=== Begin Enclosure ===
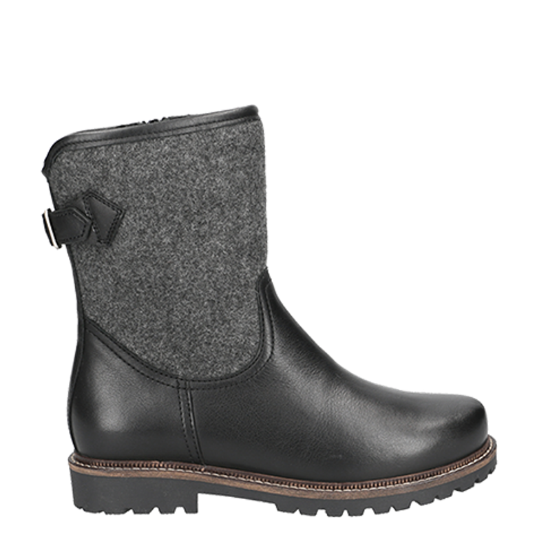 - warm lining, block heel, zipper, decorative seams, stretch insert
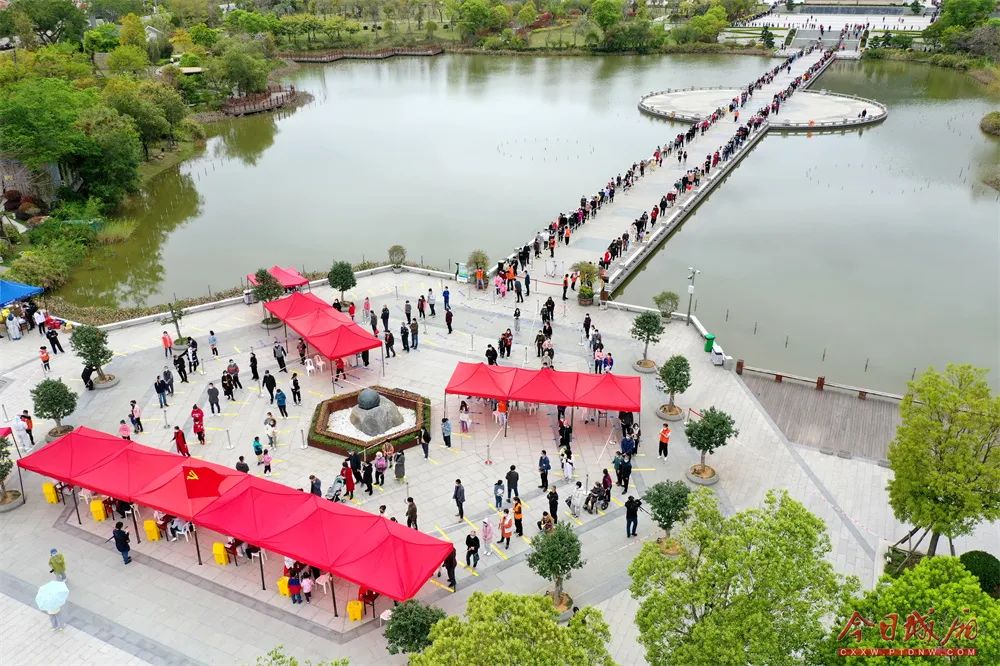 南湖公园核酸采集点秩序井然。
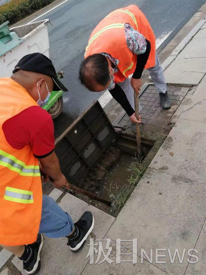 8月21日,径河街城管所再次清洗路面淤泥、进行日常大消杀,清理下水井盖落叶和淤泥,及时修补破损路面。
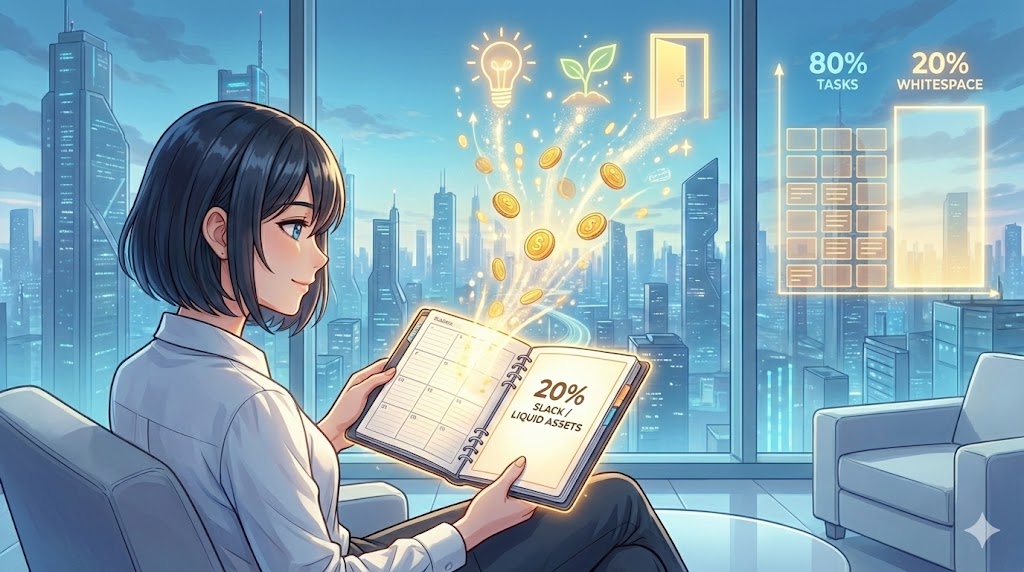 工場の稼働率を100%にすると、機械の故障リスクが高まり、ボトルネックが発生した際に全ラインが止まります。同様に、あなたのスケジュールも常に「20%の空き地」を確保しておく必要があります。この20%は、決して「ダラダラする時間」ではありません。これは「戦略的予備費」であり、投資の種銭(シードマネー)です。
=== End Enclosure ===
Action item: Where the data contains an image, skip the image and copy everything else exactly as it appears.

Finished exercise:
 - warm lining, block heel, zipper, decorative seams, stretch insert
 南湖公园核酸采集点秩序井然。
 8月21日,径河街城管所再次清洗路面淤泥、进行日常大消杀,清理下水井盖落叶和淤泥,及时修补破损路面。
 工場の稼働率を100%にすると、機械の故障リスクが高まり、ボトルネックが発生した際に全ラインが止まります。同様に、あなたのスケジュールも常に「20%の空き地」を確保しておく必要があります。この20%は、決して「ダラダラする時間」ではありません。これは「戦略的予備費」であり、投資の種銭(シードマネー)です。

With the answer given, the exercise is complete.